View Full Version : Full/Perfection Nothing/Infinity


Pollux V
02-14-04, 07:54 PM
Most people say that nothing, or nobody, is perfect. They say that perfection is impossible. This is wrong. Look at perfection mathematically. Two apples plus two apples equals four apples. Unless your name is Winston, that's a flawless equation. That's a perfect equation. So, mathematically, perfect equations and numbers are attainable, even if you're trying to figure out all the digits in pi, which I'll get to later. If perfection is attainable mathematically, why not organically? To be perfect, a person or animal must be flawless. Invicible. Like 2+2=4. Nothing can touch 2+2=4. 2+2=4 is an invincible equation that will never change for as long as the universe exists. So, to be a perfect person or animal, you need to be invincible. Nothing should be able to harm or weaken you. So, as far as I know, no one today is perfect, but perfection is by no means impossible. Just improbable, for the moment.
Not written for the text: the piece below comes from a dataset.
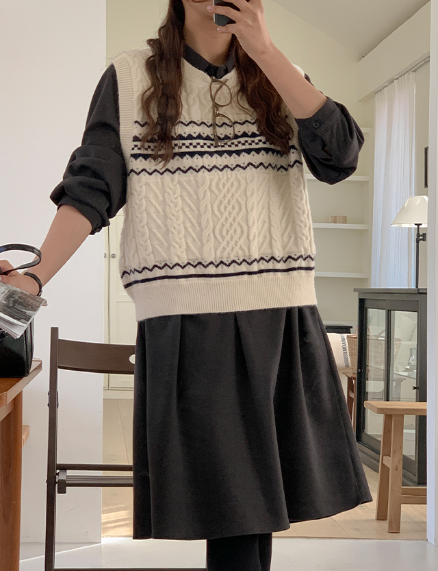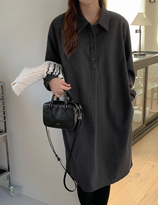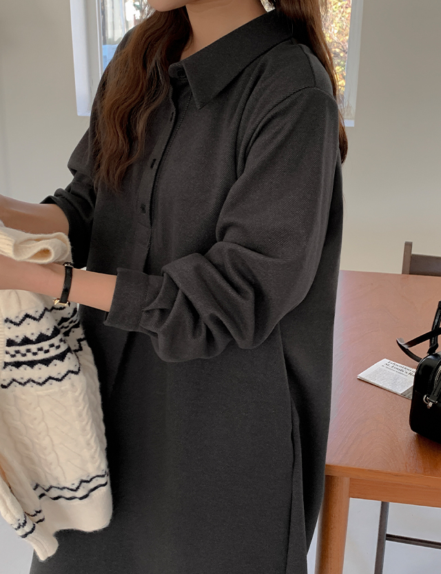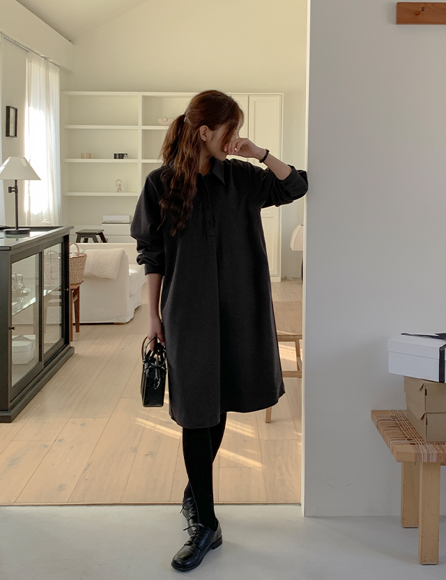 테디에 燈芯絨 領口 미디 洋裝 79323

Okay, another thing. Zero is the opposite to infinity. Forget negative numbers for the moment. We can get zero by removing everything. Take two apples away from two apples and get zero apples. But somehow we can't get infinity. I think that if infinity is impossible, zero should be as well. Pi is supposedly infinite, and yet, people continue to delve deeper beyond that decimal point. Why do they do this if the numbers will never end? Because zero is very possible, so is infinity, whatever it is.

As scattered as that was, I think I made my point...

Xerxes
02-14-04, 08:38 PM
Well the problem with perfection..from a biological AND philosophical standpoint is that it doesn't allow for adaptability. The whole notion of 'perfect' is dependant on the surroundings, since an organism...unlike a number, is a manifestation, or a part of the environment. Like organs which are only meant to have only a few functions, its a part of the 'circle of life' (damn cliches).

When you step back you see the oness of it all. The earth as one organism is perfect. I guess perfection can be attained, but it means that you have to be completely independant of your environment. A function of yourself.. its not 'impossible' as you say, but damn difficult.

Pollux V
02-15-04, 01:44 PM
"Well the problem with perfection..from a biological AND philosophical standpoint is that it doesn't allow for adaptability."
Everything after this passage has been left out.